Bei der Bundesregierung soll der Vorstand sich dafür einsetzen, dass
- die Rüstungsausgaben deutlich gesenkt werden
- Rüstungsexporte in Krisenländer unterlassen werden, eine gesetzliche Einschränkung erfolgt und schließlich Rüstungsexporte ganz abgeschafft werden
- Rüstungsexporte nicht mit Steuergeldern finanziert werden
- Rüstungskonversion und Diversifikation sollen mit einem Fonds unterstützt werden, in dem auch Betriebsräte und IG Metall antragsberechtigt und im Fondsbeirat vertreten sind. So soll ein sozial flankierter Strukturwandel erfolgen, den die Beschäftigten mitgestalten können und der nicht zu ihren Lasten geht
- ein Branchenrat bzw. ein institutionalisierter industriepolitischer Dialog von Regierung, Unternehmen, Wissenschaft, Gewerkschaft und Betriebsräten geschaffen wird, um Themen der Sicherheits- und Wehrtechnischen Industrie zu bearbeiten
- Planungssicherheit für Unternehmen und Beschäftigte bezüglich der Ausrüstung der Bundeswehr geschaffen wird
Nun ist ja bekannt, dass Anträge das eine, Handeln aber das andere ist. Ein Anstoß für die Möglichkeiten der Konversion ohne Arbeitsplatzabbau wäre eine breit getragene Debatte auf jeden Fall. Zu den Anträgen organisierte Veranstaltungen auf Ortsebene – mit oder ohne Delegierte – werden die Konversionsdiskussion auch innerhalb der betroffenen Beschäftigten unterstützen. Bei den örtlichen Gewerkschaften wird man die Anträge erhalten können.

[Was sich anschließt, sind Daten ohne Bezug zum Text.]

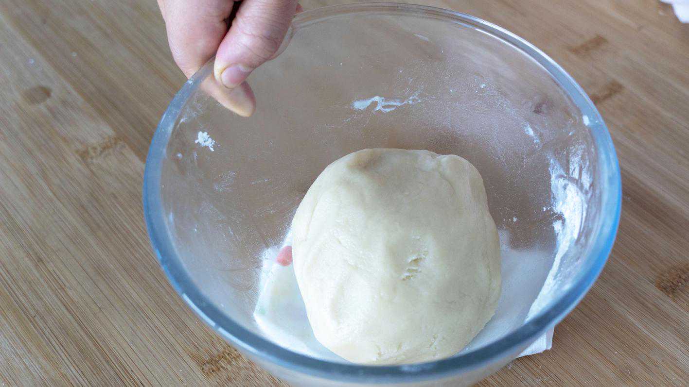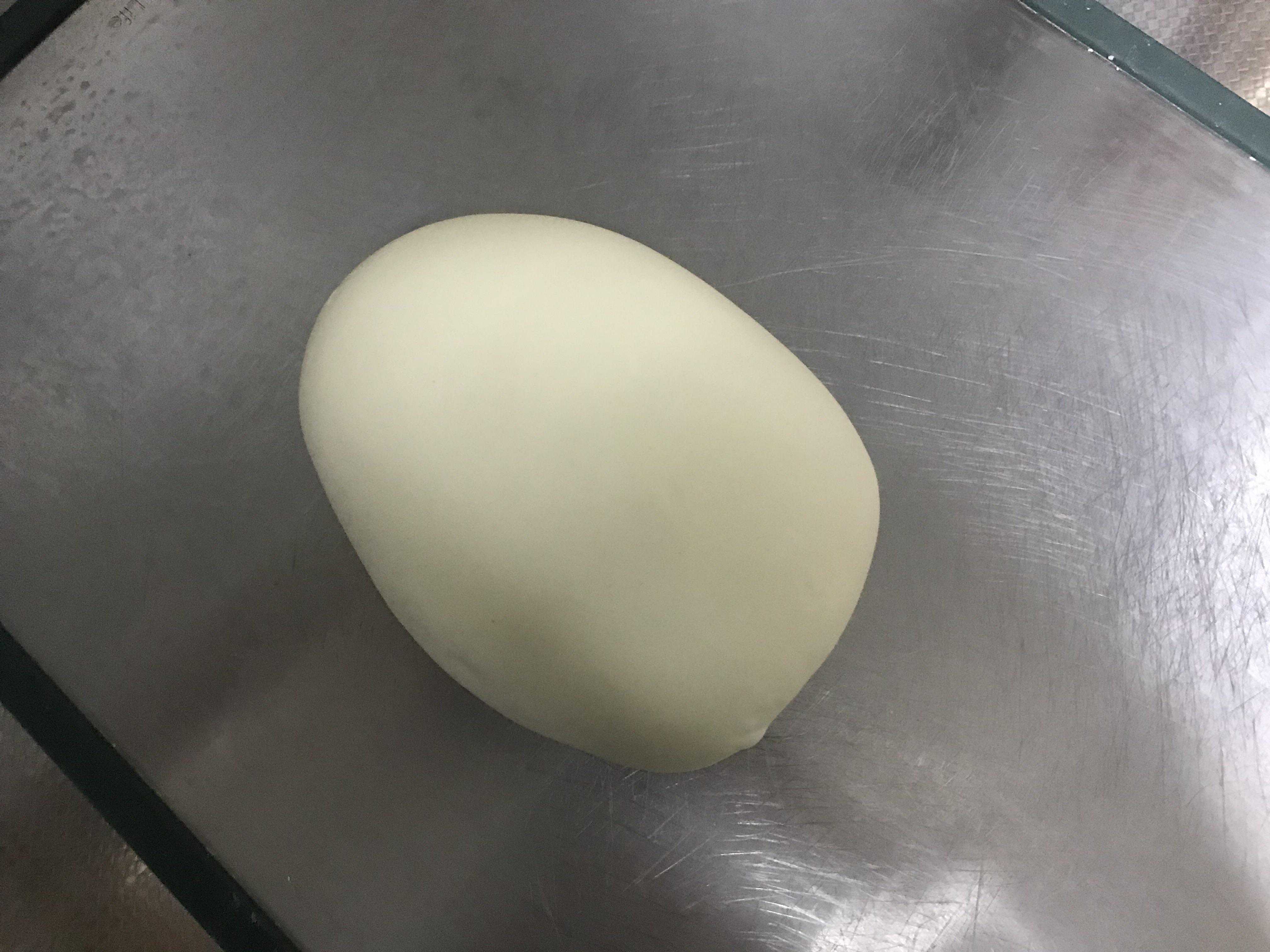 5、松弛好的水油皮面团儿是特别软的,像耳垂一般,同时也很有韧劲儿,取出来搓长条,分小面剂,我一共分了18个,直接在砧板上滚圆就可以了,盖保鲜膜静置松弛10分钟备用;

Es ist ein heißes Eisen für die IG Metall, „den Widerspruch zwischen dem friedenspolitischen Engagement der Gewerkschaften und dem Erhalt der Arbeitsplätze aufzuheben“. Wünsche nach Maßnahmen wie „die Konsolidierung der notwendigen wehrtechnischen Industrie in Europa zu begleiten und Vorschläge für die Weiterentwicklung zu machen“, machen das deutlich. An anderer Stelle heißt es: „Innerhalb der Branche nimmt die Verunsicherung wegen der Streichung bzw. Streckung von Beschaffungsvorhaben der Bundeswehr zu. Wenn in Deutschland der Spielraum künftig enger wird, wird sich die Aufmerksamkeit verstärkt auf die Auslandsmärkte richten.“
Wir sollten die Konversionsdebatte auf den Gewerkschaftskongressen nutzen, um sie über die Delegierten hinaus bekannt zu machen. Mit ihr können wir unseren KollegInnen der Branche Wege jenseits von Rüstungsproduktion und Arbeitslosigkeit zeigen.